# Maxout¶

class paddle.nn. Maxout ( groups, axis=1, name=None ) [source]

Maxout Activation. Create a callable object of Maxout.

Assumed the input shape is (N, Ci, H, W). The output shape is (N, Co, H, W). Then Co = Ci/groups and the operator formula is as follows:

$\begin{split}\begin{array}{l} &out_{si+j} = \max_{k} x_{gsi + sk + j} \\ &g = groups \\ &s = \frac{input.size}{num\_channels} \\ &0 \le i < \frac{num\_channels}{groups} \\ &0 \le j < s \\ &0 \le k < groups \end{array}\end{split}$
Parameters
• groups (int) – The groups number of maxout. groups specifies the index of channel dimension where maxout will be performed.
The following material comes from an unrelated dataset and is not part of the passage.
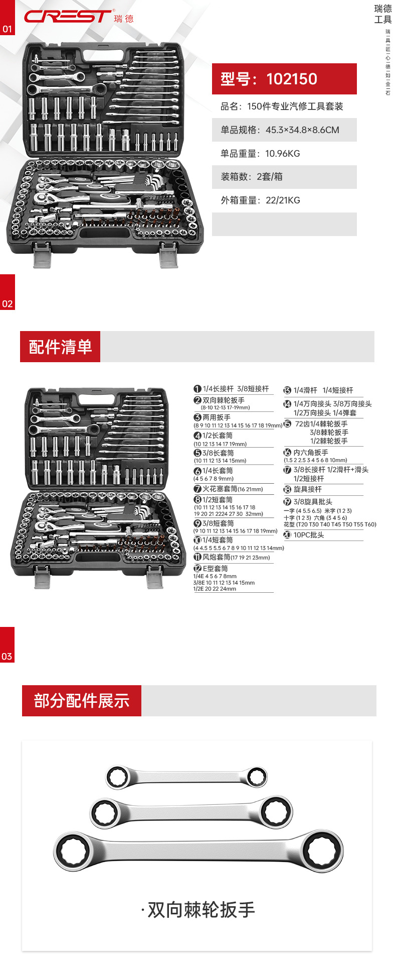 빨간 소켓 렌치 자동차 수리 조합 자동 수리 150 개 자동차 수리 다기능 하드웨어 도구 상자 세트스토어 가기

This must be a factor of number of features. Default is 1.

• axis (int, optional) – The axis along which to perform maxout calculations. It should be 1 when data format is NCHW, be -1 or 3 when data format is NHWC. If axis < 0, it works the same way as $$axis + D$$ , where D is the dimensions of x . Default is 1.

• name (str, optional) – Name for the operation (optional, default is None). For more information, please refer to Name.

Shape:
• input: $$(N, C_{in}, H_{in}, W_{in})$$

• output: $$(N, C_{out}, H_{out}, W_{out})$$

Examples

>>> import paddle

>>> x = paddle.rand([1, 2, 3, 4])
>>> m = paddle.nn.Maxout(groups=2)
>>> out = m(x)
>>> print(out)
Tensor(shape=[1, 1, 3, 4], dtype=float32, place=Place(cpu), stop_gradient=True,
[[[[0.85139430, 0.95717543, 0.43864486, 0.51577556],
[0.84765935, 0.45680618, 0.39412445, 0.72039396],
[0.59444654, 0.78120756, 0.78364515, 0.90572405]]]])

forward ( x )

Defines the computation performed at every call. Should be overridden by all subclasses.

Parameters
• *inputs (tuple) – unpacked tuple arguments

• **kwargs (dict) – unpacked dict arguments

extra_repr ( )

Extra representation of this layer, you can have custom implementation of your own layer.